Thieves Like Us

On Friday night I found myself at Lee’s Palace, celebrating Halloween with a few friends. 

The last time I set foot in Lee’s Palace was six years ago. It was the night after THE incident involving Mr. I.S.I.T.I.B.. I was there with my friend Nick. 

Nick and I met at U of T. We were in an English class together and hit it off right away. He stood out from the rest of our horn-rimmed be-speckled, Lacoste wearing class mates. He was frank, outgoing and swore like a sailor. He was also scruffily handsome in an Italian Sam Roberts kind of way. I always felt comfortable around him. With Nick I could drink beer, also cuss like a sailor and just be myself. 

{photo: Hug by Erin Nelson}

I knew he found me attractive, however neither of us ever made a move. There was chemistry there, but for some reason I always held back. I can’t quite explain why. It was like there was an important puzzle piece missing that I couldn’t put my finger on. Can you ever explain these things?

That day, after I parted ways with Mr. I.S.I.T.I.B, I walked back into my apartment and answered a call from Nick. I told him everything that had just happened. His response:

“He fucking said that?! While he was still inside of you?! FUCKING BLACK RAGE!”

Nick had nicknamed him “Black Rage” after he had heard stories about Mr. ISITIB’s racial politics. When I told him about the “track suit comment” he replied:

“You’re a pretty White girl. You don’t need some motherfucking asshole with his post-colonial bullshit making you feel bad about that. You know what? You probably need a drink. You shouldn’t be alone tonight. Lets go grab a beer”

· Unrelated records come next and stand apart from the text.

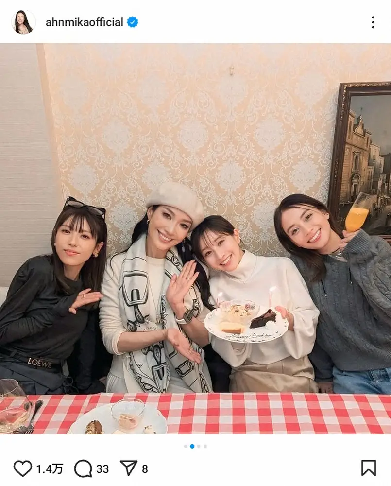 アンミカ「先日、11月がお誕生日だった田中みな実ちゃんのお誕生日会を、滝沢カレンちゃん、若槻千夏ちゃんと開催」と報告。「みんな多忙なのでやっと集えて、幸せな時間でした~」と、タレントの若槻千夏、モデルでタレントの滝沢カレンとともに田中を囲んだ写真を公開した。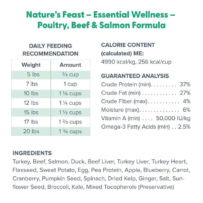 Natures Feast - Essential Wellness- Beef, Salmon, and Poultry, combines premium cuts of meat for protein and omega-3s to support healthy teethand skin, easy digestion, balanced energy, and vital organs- and antioxidants + prebiotics from real veggies, fruit, and seeds to support lasting health.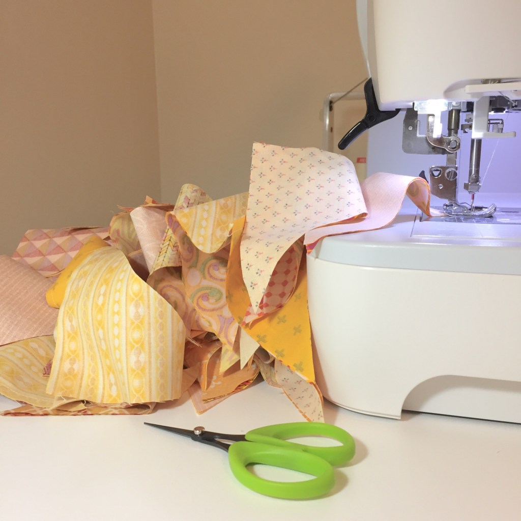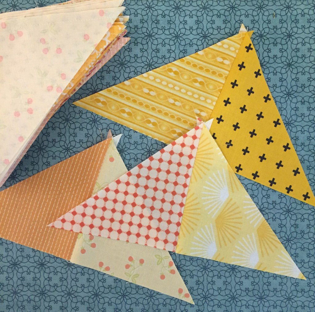 I’m continuing to make quilts with fabric I already have, and I chose a variety of golden yellows/oranges for this one. After cutting fabrics, I set to chain piecing (bias edges were present) and within 35 minutes I had 96 triangle pairs sewn.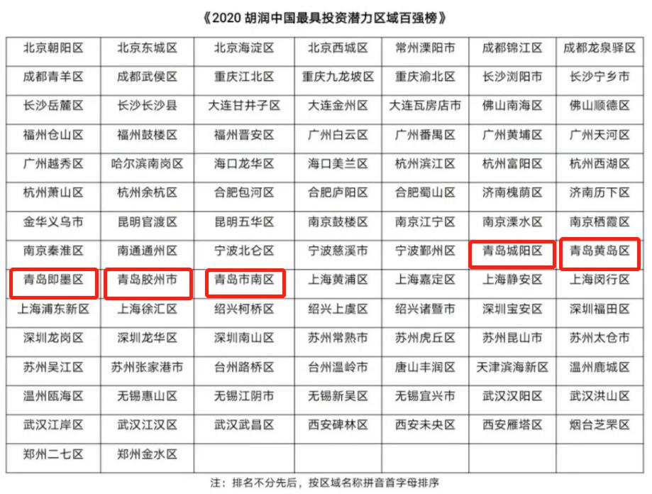 2020中国最具投资潜力区域百强榜公布!青岛胶州、黄岛、即墨、城阳、市南上榜!
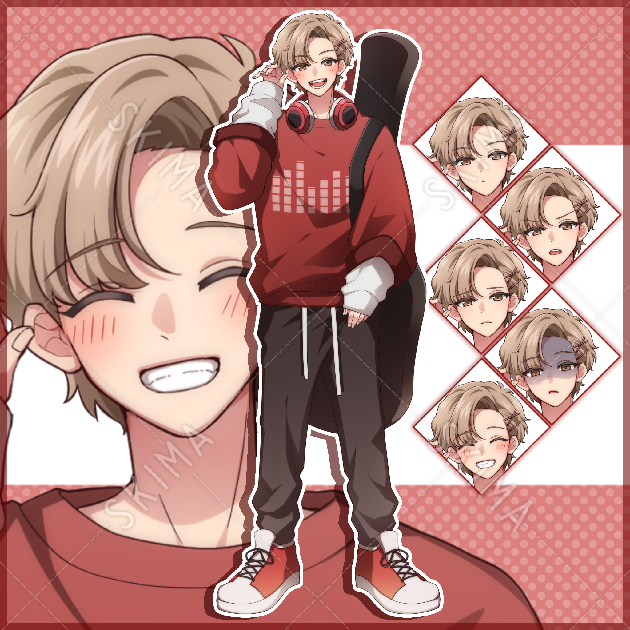 ギターケース、ヘッドホンは着脱可能です。人物の上に重ねて表示して下さい。

He was right. So I threw on a white wife beater, some tight jeans & my going-out shoes du jour: a pair of red pointy toed stilettos and met him at Lee’s Palace

We leaned against the wall of the Dance Cave, drinking beer, smoking cigarettes and listening to The Smiths play in the background. Although I was grateful for the company, inside I felt broken, shellshocked. When the conversation swung back to the events of the day and he could tell I was still really upset, Nick said:

“No one should ever treat a woman that way. It’s just fucked up. Please don’t take this the wrong way. I’m not trying to mack on you but, I just think that you really need to be held tonight. You need someone to treat you good and with respect”

And that’s exactly what he did. He dried my tears, took me back to his apartment, gave me a pair of baggy flannel pajamas and tucked me into his bed. When he climbed into the bed, he kissed me goodnight on the cheek and wrapped his arms around me. We woke up the next day, in the same position, fully clothed. 

In the morning, he got up and made me bacon and eggs (The “we just had sex breakfast” minus the sex). Over breakfast he told me, 

“I know I’m not really your type. I don’t have a nice apartment or fancy clothes. I probably will never own a Rolex or a nice car. But, I would never treat you the way those other guys would”

“I know”

“And if you’re not going to be with me, then you should at least go for someone good. Like that other guy you were telling me about, the one with the good job and the house. It sounds like he might actually deserve a chance and like he might actually treat you the way you deserve to be treated. Just whatever you do, promise me you won’t go back to Black Rage”

“I won’t. I promise” (It was the truth)

He hugged me, kissed me on the head and sent me on my way. 

Hindsight is always 20/20. I think Nick actually cared a lot about me. But, my head was just too far up my own ass to see it or appreciate it. At the time, the idea of someone who actually truly cared for me terrified me to death. It was easier to just keep chasing the next best thing. I thought I was looking for love, but really I wasn’t. As I discovered a few years later, love means really opening yourself up, making yourself vulnerable and letting someone else call you on your own personal bullshit. I wasn’t ready for any of that. 

Nick and I lost touch after university. The last thing I heard he was teaching English in Asia. 

So, Nick–if you’re out there in internet land, thank you. You looked out for me even when I wasn’t looking out for me. I hope wherever you are that you find what you are looking for out of life. You’re good people and you deserve to be happy. Oh sorry, I mean…

You fucking deserve to be fucking happy!

Hindsight is always 20/20. Is there someone from your past that you now see in a different light? What would you say to them if you had the chance?